The basic mechanism behind the phenomenon is thought to work as follows:

When it is presented with a scene, the brain runs through two processes. First it checks to see if it has seen or experienced any of the things before. If it has, a second process is triggered in a separate part of the brain which alerts the brain's owner that the scene is familiar.

This sense of familiarity can be triggered in error, leading to a feeling of déjà vu - something that 97 per cent of people report having experienced at some point in their lives.

The Leeds researcher, Akira O'Connor, wanted to use hypnosis to separate the two processes, and see if he could provoke a sense of déjà vu when presenting people with a novel situation, according to New Scientist.

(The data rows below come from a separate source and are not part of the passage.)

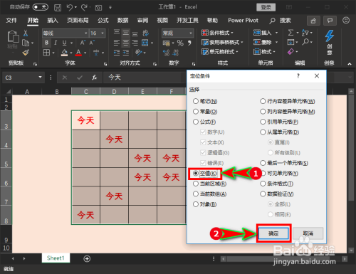 在“定位前提”对话窗中,我们选择“空值”项,并单击“确定”按钮。如图所示:
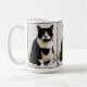 Voici trois vues d'un drôle de chat tuxedo exprimant son opinion. Critique alimentaire ? Analyste politique ? Guru des relations ?
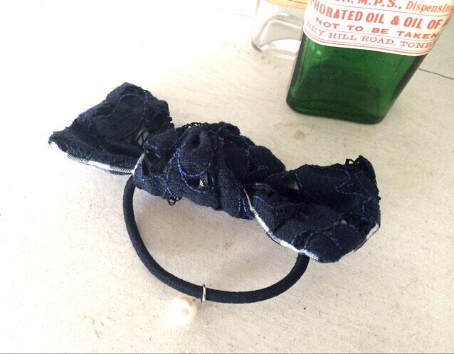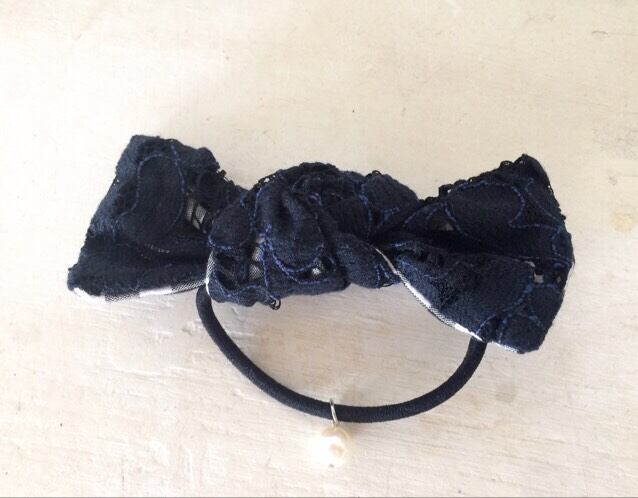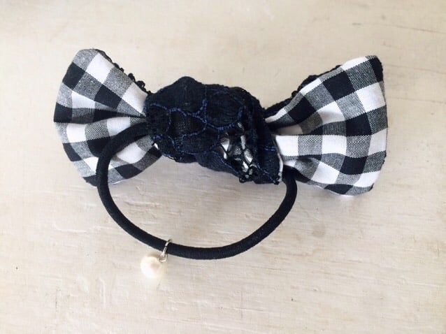 レースからのぞくギンガムチェックが可愛らしいリボンタイプのヘアゴム
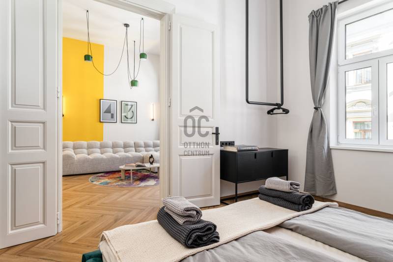 Történelmi hangulat és modern funkcionalitás a Podmaniczky utcában - Üdv itthon!RÖVID ÖSSZEFOGLALÓBudapest VI. kerületének Podmaniczky utcájában, jó állapotú liftes épületben, második emeleti 114 m²-es, 4 szobás, 3 fürdőszobás, 2 külön WC-s, lakás eladó , hőszivattyús fűtéssel, északnyugati tájolással, városi panorámával, közös pincehasználattal.LOKÁCIÓ – városi lüktetés és otthonos ritmus egyensúlyaA VI. kerületi Podmaniczky utca ezen szakasza különös adottságú: megőrizte századfordulós eleganciáját, miközben pár lépésre található a Nyugati tér, a körút, a Városliget és az Andrássy út pezsgő kulturális tengelye. A közlekedés kiváló – a 4-6-os villamos, M3 metró, vonatok és tucatnyi buszjárat érhető el néhány perc alatt –, de az igazi érték az a városi szövet, amely egyszerre teszi élővé és élhetővé a környéket.Befektetési szempontból ez a városrész stabilan keresett, különösen a hosszú távú bérbeadás vagy rövid távú, exkluzív kiadás piacán. A lakás elosztása és mérete miatt családok számára is kiváló választás: a közeli iskolák, óvodák, orvosi rendelők és a parkos zöldterületek kényelmessé teszik a mindennapokat. Egy olyan városi életformát kínál, ahol nem kell kompromisszumot kötni: élmény lakni benne, és biztos befektetésként is megállja a helyét.PODMANICZKY 43Az épület egy 1870-es évekbeli historizáló bérház, amely Wechselmann Ignác tervei alapján találkozott eredeti formájával, majd Pucher József 1873-ban második emelettel bővítette. A korai historizáló stílus jegyében elegáns homlokzati díszítéseket, boltozatos kapualjat, terrazzó padlót és kovácsoltvas korlátokat őriz. Ez a történeti és építészeti örökség teszi különlegessé – klasszikus karaktere és gondozott közösségi terei a városi elegancia és a műemléki érték harmonikus kombinációját kínálják.A 43-as ház közvetlen szomszédja – a 45‑ös – egykor szabadkőműves páholyként működött. Ruppert Vilmos 1896-ban tervezte, a homlokzaton máig felfedezhetők az egyiptomizáló és szabadkőműves szimbólumok: szfinxek, körző–vonalzó motívumok, sugárzó háromszögek. Bár a 43-as ház korábban, a 19. század közepén épült, és nem volt páholy, a historizáló városszövet részeként emelkedett, elegáns, többemeletes bérpalotaként, eredeti architektúráját máig őrizve.Fontos kiemelni, hogy Podmaniczky utca – az 1874-ben visszanyert név után – jól ápolt városszövet része lett. A környező épületek (például Podmaniczky 45 – szabadkőműves –, Podmaniczky 16 – ipartörténeti domborművek) révén az utca egy folyamatos historizáló és művészeti kontextus része.Az utca névadója Podmaniczky Frigyes, várospolitikus, művészetpártoló és a városfejlesztés egyik kulcsfigurája volt a 19. század második felében. Ő irányította többek között Budapest közparkjainak – köztük a Városliget – megújítását, az Andrássy út kiépítését és a pesti városszövet modernizációját. Nevét viseli az utca is, mint a város eszményi fejlődésének szimbóluma.A LAKÁSA második emeleten található, 114 négyzetméteres lakás klasszikus és modern elemek kiegyensúlyozott kombinációja. Négy szobája ideális lehet nagyobb családnak, otthoni irodát igénylőknek vagy több hálószobás bérbeadásra gondolóknak. A három fürdőszoba és a két különálló WC nagyfokú kényelmet és rugalmasságot biztosít többgenerációs vagy közös lakhatás esetén is.Az északnyugati tájolás kellemes, nyári időszakban különösen komfortos klímát biztosít, a városi panoráma pedig karakteres hátteret ad az enteriőrnek. A hőszivattyús fűtés korszerű, energia hatékony megoldás, amely nemcsak környezetbarát, de fenntartható rezsiköltséget is garantál.Az alaprajz jól átgondolt, a terek arányai kényelmesek, és minden szobának megvan a maga külön világa – ideális alapanyag egy valóban személyre szabott otthon kialakításához.AjánlásEz az ingatlan azoknak szól, akik egy karakteres, élhető városi otthont keresnek kiváló infrastruktúrával, vagy akik olyan befektetést szeretnének, amely hosszú távon értékálló, jól kiadható és alacsony fenntartású. Egy lakás, amely nem akar többnek látszani, mint ami – de pont ettől lesz igazán meggyőző.Ha szeretné, hogy személyesen is meggyőzze, találkozzunk ott! ----------------------------------------------Díjmentes, bankfüggetlen hiteltanácsadással támogatjuk vevő ügyfeleinket a számukra legelőnyösebb finanszírozási döntések meghozatalában. Opcionálisan igénybe vehető kiegészítő szolgáltatásainkkal – mint ügyvédi közreműködés, energetikai tanúsítvány vagy villamos biztonsági felülvizsgálat – teljes körű szakmai támogatást nyújtunk az adásvétel folyamatának minden egyes lépésénél.----------------------------------------------A hirdetésben szereplő információk tájékoztató jellegűek. A tévedés és az árváltoztatás jogát fenntartjuk. Az esetleges elírásokért és technikai hibákért felelősséget nem vállalunk.
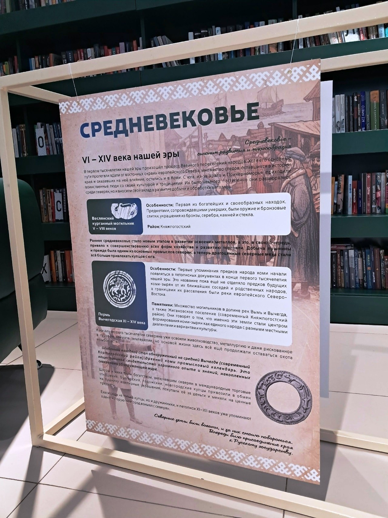 В Центральной городской библиотеке до конца января проходит выставка "История земли Коми: от древности до наших дней", организованная при сотрудничестве с галереей "Пейзажи Севера".
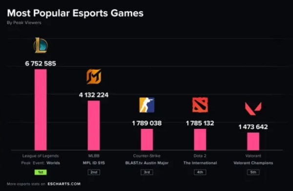 2025年游戏热度排名,LOL断崖式领先,dota2只排名第四,近日,外媒EsportsCharts公布了2025年各大电竞项目的赛事观看峰值数据,这份榜单再次直观地展现了全球电竞格局的真实差距。
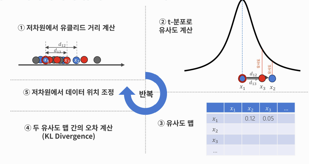 - 원본 데이터으 유사도 맵 생성 → 고차원 공간에서의 이웃 관계를 확률 분포 형태로 표현
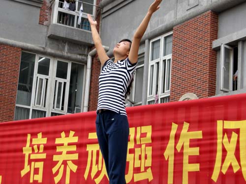 在学工部领导的动员之后,体育部副主任谢霞老师对广播操的教授工作进行了具体部署:担任动作讲解工作的是高程丽老师;其余体育部教师分别站在主席台和看台上为同学们作正面或背面示范。基于高效的组织,在一个半小时的时间内,学生们就整齐、有力地学完了全套广播体操。结束后,看着学生们虽然疲惫,却依然充满笑容的脸庞,学工部领导、体育部老师、教官们也都露出了会心的微笑。
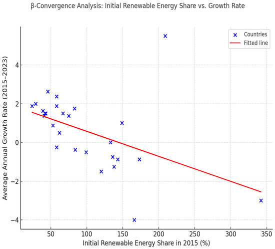 The convergence–divergence test was used to measure whether the standard deviation of the renewable energy share among the EU Member States decreased between 2010 and 2025, and whether countries with a lower initial share grew faster.
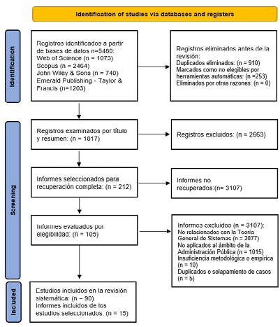 Se aplica la metodología PRISMA, estructurada en cuatro fases (identificación, cribado, elegibilidad e inclusión), partiendo de un total de 5.480 artículos, los cuales fueron depurados mediante criterios de inclusión y exclusión. En la fase de elegibilidad se revisaron los textos completos con el apoyo de software especializado en análisis cualitativo y visualización bibliométrica (MAXQDA 24 y VOSviewer), descartándose los documentos no recuperables o que no cumplían con los criterios metodológicos establecidos. Se incluyeron 105 estudios que satisfacen los criterios temáticos y metodológicos definidos (diagrama 2).
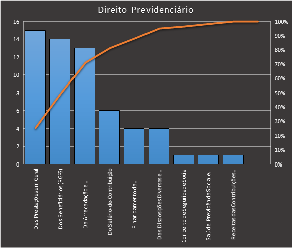 Para Direito Previdenciário, nos baseamos neste caderno: https://www.tecconcursos.com.br/s/Q1Q2lQ, contendo 59 questões. Usamos como filtro questões da banca CESPE para área policial. Veja o resultado.
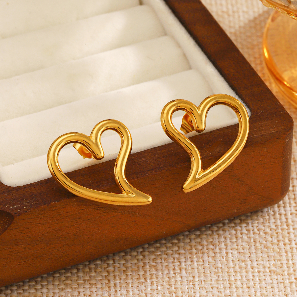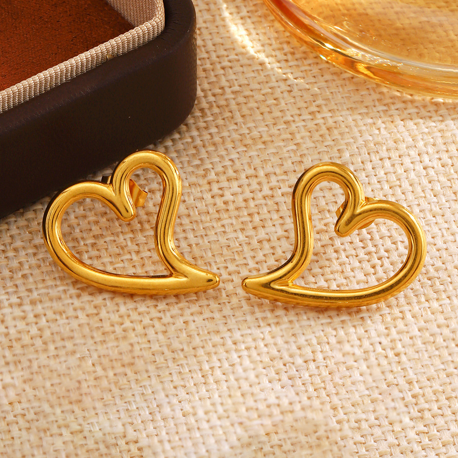 Edelstahl Stud Ohrring, 304 Edelstahl, Herz, 18K vergoldet, Modeschmuck & für Frau & hohl, verkauft von Paar
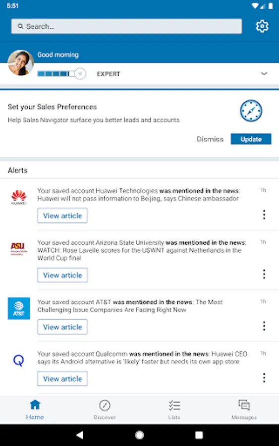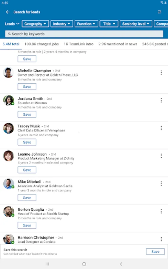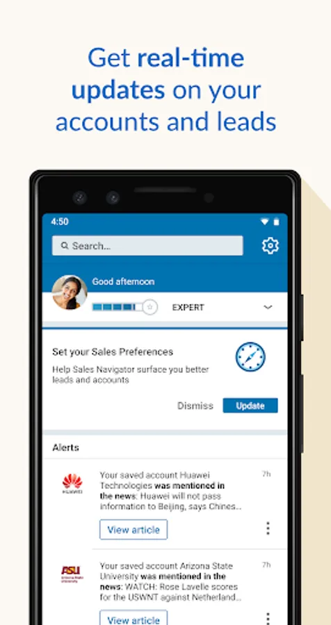 Stay up to date with your accounts and leads with LinkedIn Sales Navigator on your Android device, wherever you are.
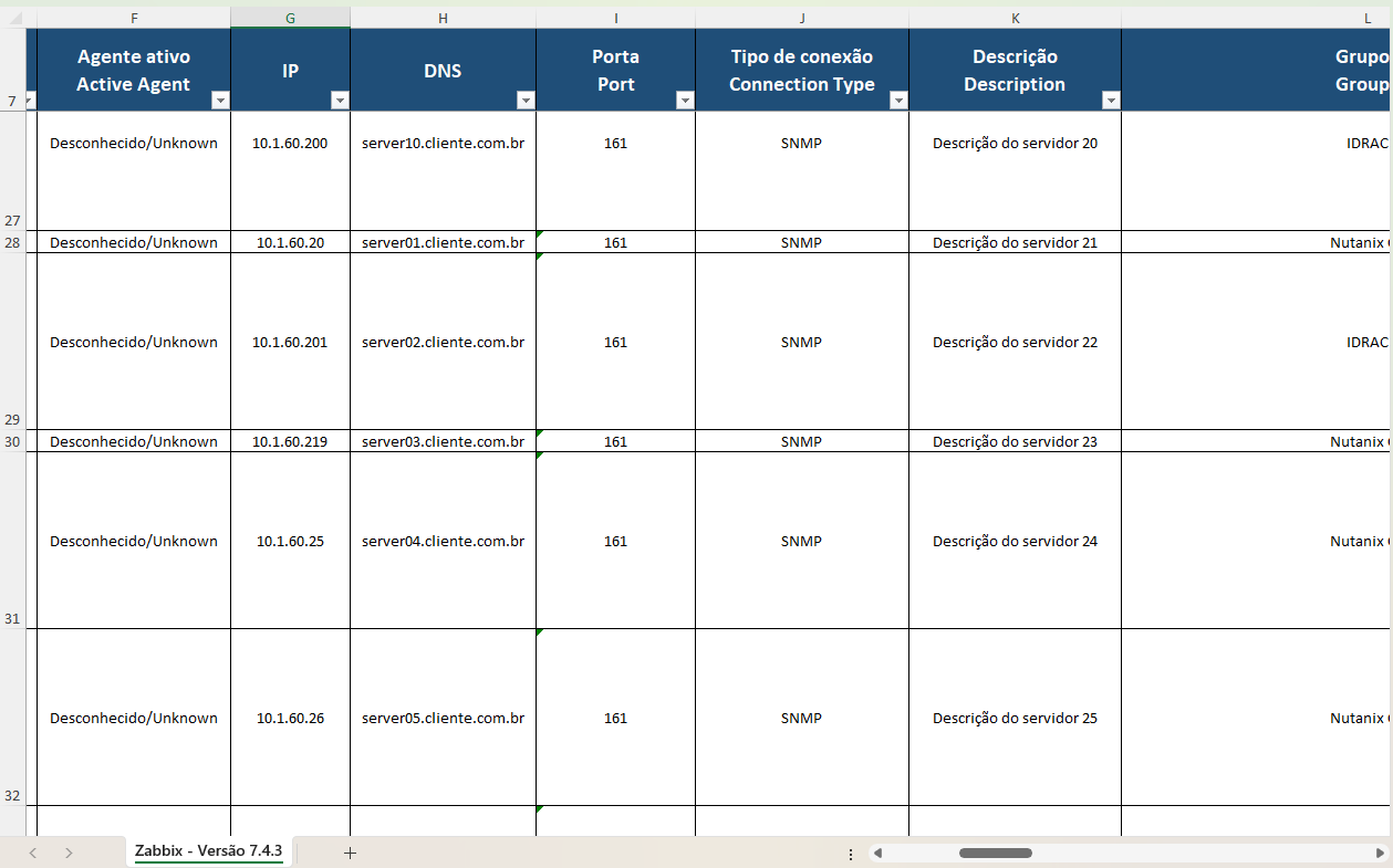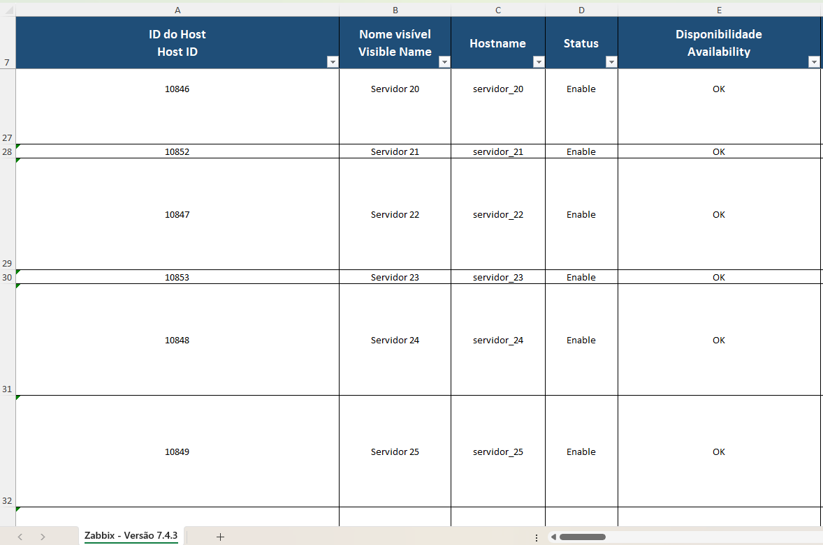 Visibilidade completa Veja todos os hosts monitorados em uma única planilha

He showed a group of volunteers a set of 24 words. Then the volunteers were hypnotised. While they were in their trance, they were told that when they saw a word in a red box, it would feel familiar but that they wouldn't be sure when they had seen it before. Words in green boxes, meanwhile, would be identified as belonging to the original list of the 24.

Once they were out of their trance, the volunteers were shown another set of 24 words, some from the original list, but others that were new. The words were all framed in various colours, including some in red and some in green.

Of the 18 volunteers, ten reported feeling odd when they saw words that were new and framed in red. Half of those said the sensation was like déjà vu.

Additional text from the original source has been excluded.